Customer Retention Is Proportionate to Employee Retention

Q: For many contractors, “customer retention” has been the biggest concern over the past couple of years. But it seems as though “employee retention” is even more important, because without great employees you can’t meet customer expectations. Do you believe that?

Client relationships hinge on how well their needs are anticipated and then met. A revolving door of employees—be they account managers, salespeople or field labor—compromises client comfort and trust. The bottom line is that we must understand what’s going on with client properties better than they do. We couldn’t say that with confidence with significant employee turnover.

Q: What does YardApes do to attract quality personnel to the company?

A positive image in the community is key.

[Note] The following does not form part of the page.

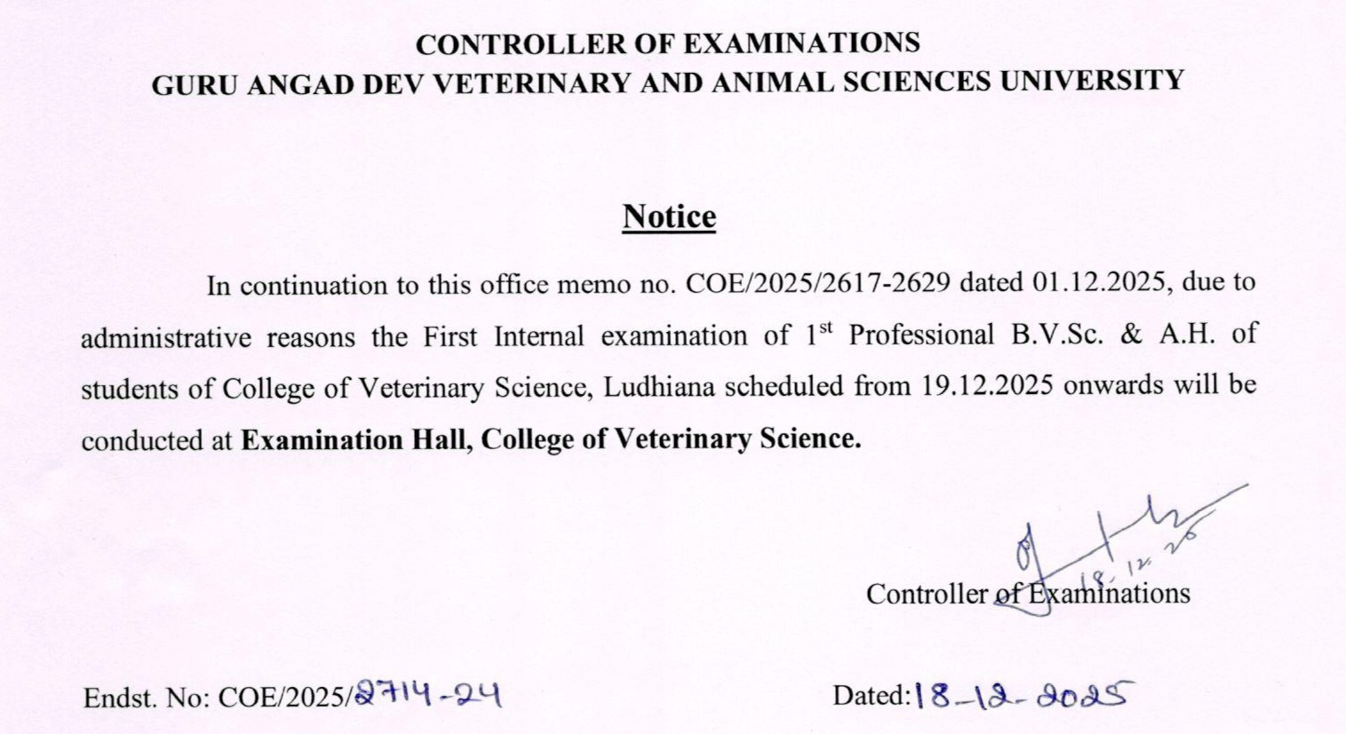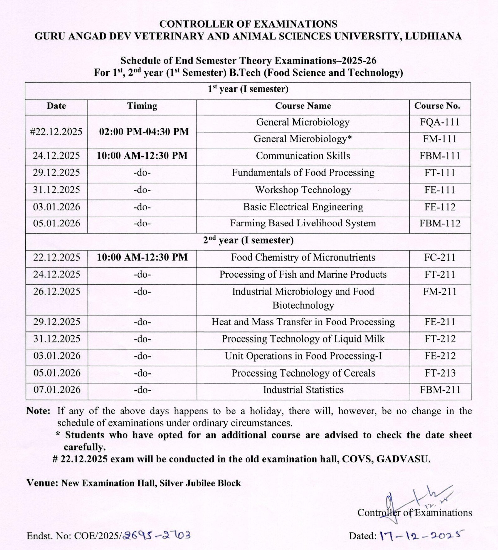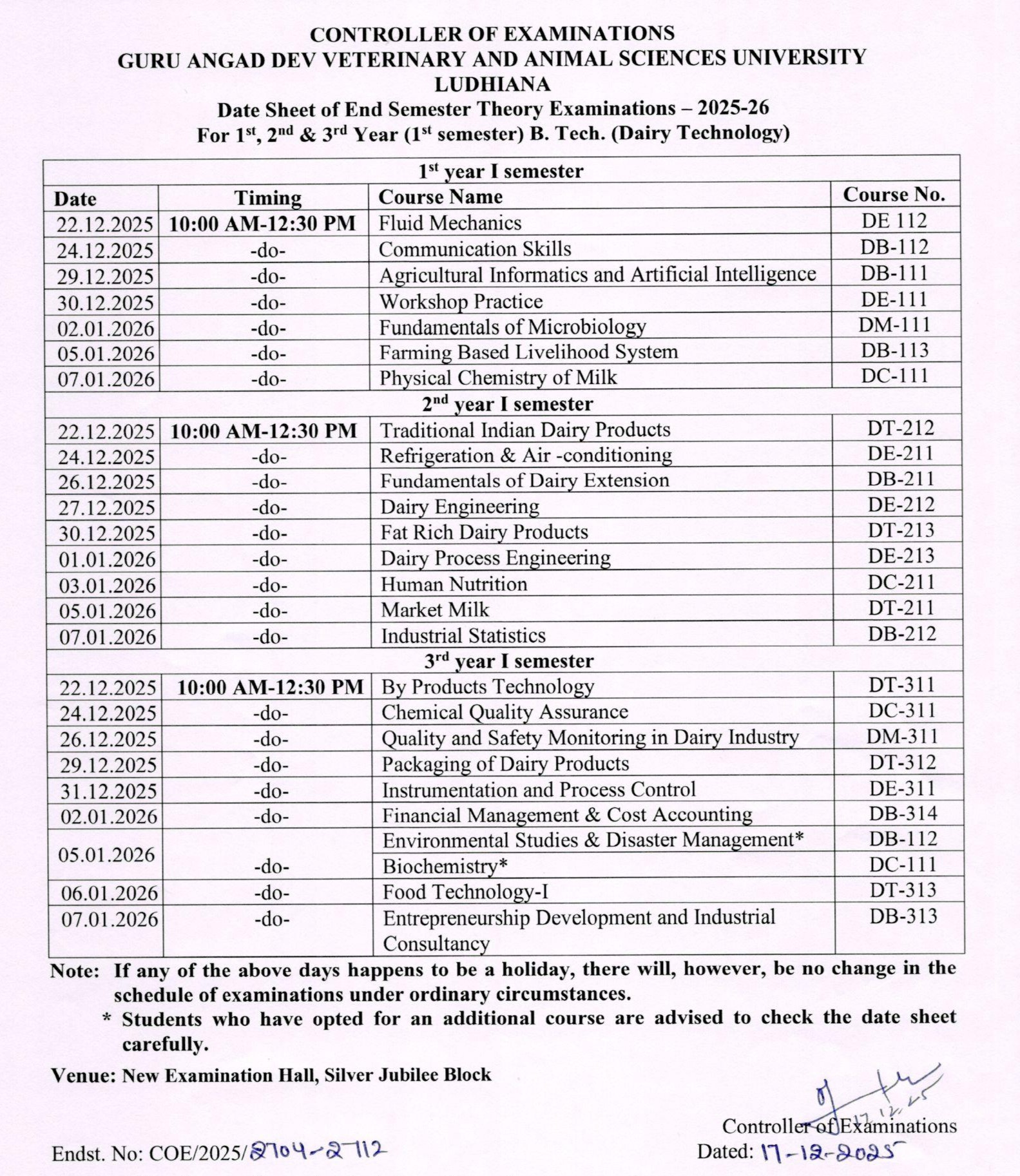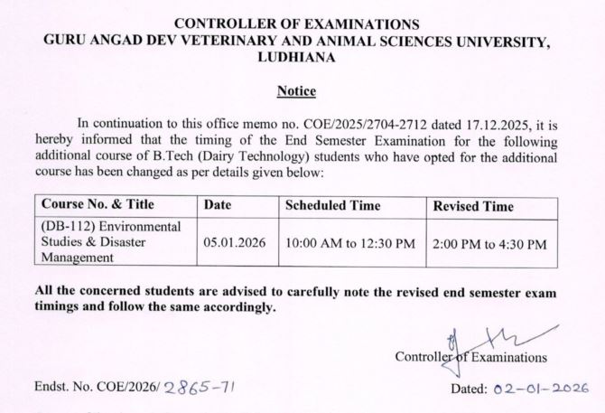 Notice in continuation to this office memo no. COE/2025/2704-2712 dated 17.12.2025 regarding timing of End Semester Examination for B.Tech (Dairy Technology) students. |
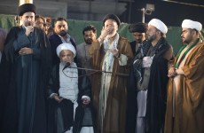 وفد العتبة العبّاسيّة المقدّسة يرفع راية أبي الفضل العباس (عليه السلام) وسط مسجد الجعفرية في باكستان

Clean trucks, equipment and uniforms are first impressions, and potential employees sometimes come in to fill out applications based on those things alone. It’s a disheartening reality that any guy in town with a pickup truck and mower can call himself a landscaper. That guy might be the answer for some clients. That guy is not the answer for prospective employees who are looking for careers in the Green Industry.

Also, applicants come in to see us as a result of our commitment to volunteerism. It’s deeply gratifying to hear that someone wants to build a future with our company because of our community outreach efforts. It stands to reason that if we donate our time to enhance and revitalize our town’s civic venues—and to make it a priority to give back—then why wouldn’t we treat our employees well?

Q: What are you doing to build a strong company culture and hang onto employees?

We go to great lengths to build and maintain a crew of highly trained, motivated and experienced professionals who take pride in their work. That goal is impossible without engendering a culture of respect and integrity. Equally important, we promote a culture of learning. We have systems in place that provide focus and help with personal goal setting, the foundation of which is Ape Achievements.

The impetus for creating Ape Achievements was to promote learning and increased productivity. But we also knew that having measurable goals or achievements to which we could attach a dollar value would alleviate the frustration of employees asking for raises at random, and oftentimes without merit. It seemed arbitrary that one would receive compensation for length of time spent with a company rather than growth within the company.

Lastly, but no less important, we work hard but also play hard. Work hours and conditions are oftentimes extreme, so we make a point to have fun when we can. Our monthly outings are as varied as cookouts, bowling and amusement parks, or wing night at our local sports bar. Employees’ families are encouraged to attend the outings. We also have an annual holiday dinner where we name our Ape of the Year, the employee voted on by both co-workers and clients who consistently demonstrates professionalism. Our summer picnic is always a big draw as well. Although our monthly outings aren’t necessarily for team-building, the dynamics among staff are always improved when we come together to have fun and decompress.

Q: What role does certification, specifically the Landscape Industry Certified Manager classification, do for your company from both an internal (employee morale) and external (branding) standpoint?

To be certified means we are safer, more knowledgeable, more efficient and more productive. The Landscape Industry Certified Manager classification builds client trust.

The logo appears on our marketing pieces, website, invoices and client proposals. Additionally, we include a customized Landscape Industry Certified tri-fold brochure in our presentation folders when submitting bids to prospective clients.

Internally, the certification is a great motivator. It’s an incentive for growth and development that benefits the individual employee, the company as a whole, and of course the client.